Chapel-en-le-Frith /ˌæpəl ˌɒn lə ˈfrɪθ/ is a small town and civil parish in Derbyshire, England. Dubbed the "Capital of the Peak"(see Chapel-en-le-Frith Rural District Council). Parts of the parish lie within the Peak District National Park, though the town itself is outside the Park boundary. The settlement was established by the Normans in the 12th century, originally as a hunting lodge within the Forest of High Peak. This led to the French-derived name of Chapel-en-le-Frith ("Chapel in the forest"). The population of 'Chapel', as locals commonly refer to it, was 8,635 in the 2011 census. For some years Chapel was the location of the High Peak Borough Council offices. The settlement has several public houses, hotels and guesthouses, a tearoom, a golf club, a cricket club and a football club.

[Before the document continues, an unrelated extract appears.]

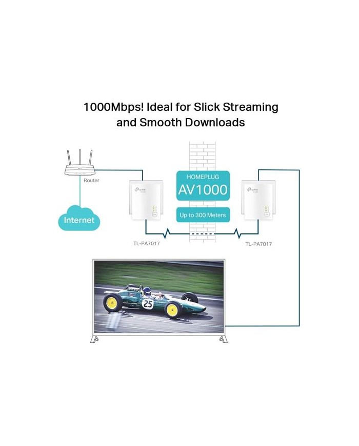 HOMEPLUG AV2 STANDARD - Velocidades de transferencia de datos de alta velocidad de hasta 1000 mbps, que respaldan todas sus necesidades en lneaPUERTO GIGABIT - Proporciona redes cableadas seguras para computadoras de escritorio, televisores inteligentes o consolas de juegosPLUG & PLAY - Permite la configuracin de su red powerline en minutos, para que pueda disfrutar de conexiones rpidas, inalmbricas e inalmbricas de inmediatoAHORRO DE ENERGA - Patentada modo de ahorro reduce automticamente el consumo de energa hasta en un 85%ATENCIN - Habr una disminucin de la seal con la red de transferencia de lnea elctrica, AV1000 no alcanzar 1000Mbps

The first chapel in the town (now the Church of St. Thomas Becket) was originally built by the Normans but was replaced with a larger building a hundred years later. It stands at the highest point in the town proper. The current building is now almost entirely of 18th-century construction above a crypt of 1225 AD. Buried in the churchyard are soldiers of the Scottish army of the Duke of Hamilton who marched south in support of Charles I in 1648. After their defeat at Preston, they were marched to Chapel and imprisoned in the church for sixteen days in such squalid conditions that forty died; a further ten died when they were marched towards Cheshire. The Eccles Pike Cross stands in the churchyard, having been moved here from Ollerenshaw Farm in 1925. It is believed to be Anglo-Saxon and is covered in very worn carvings.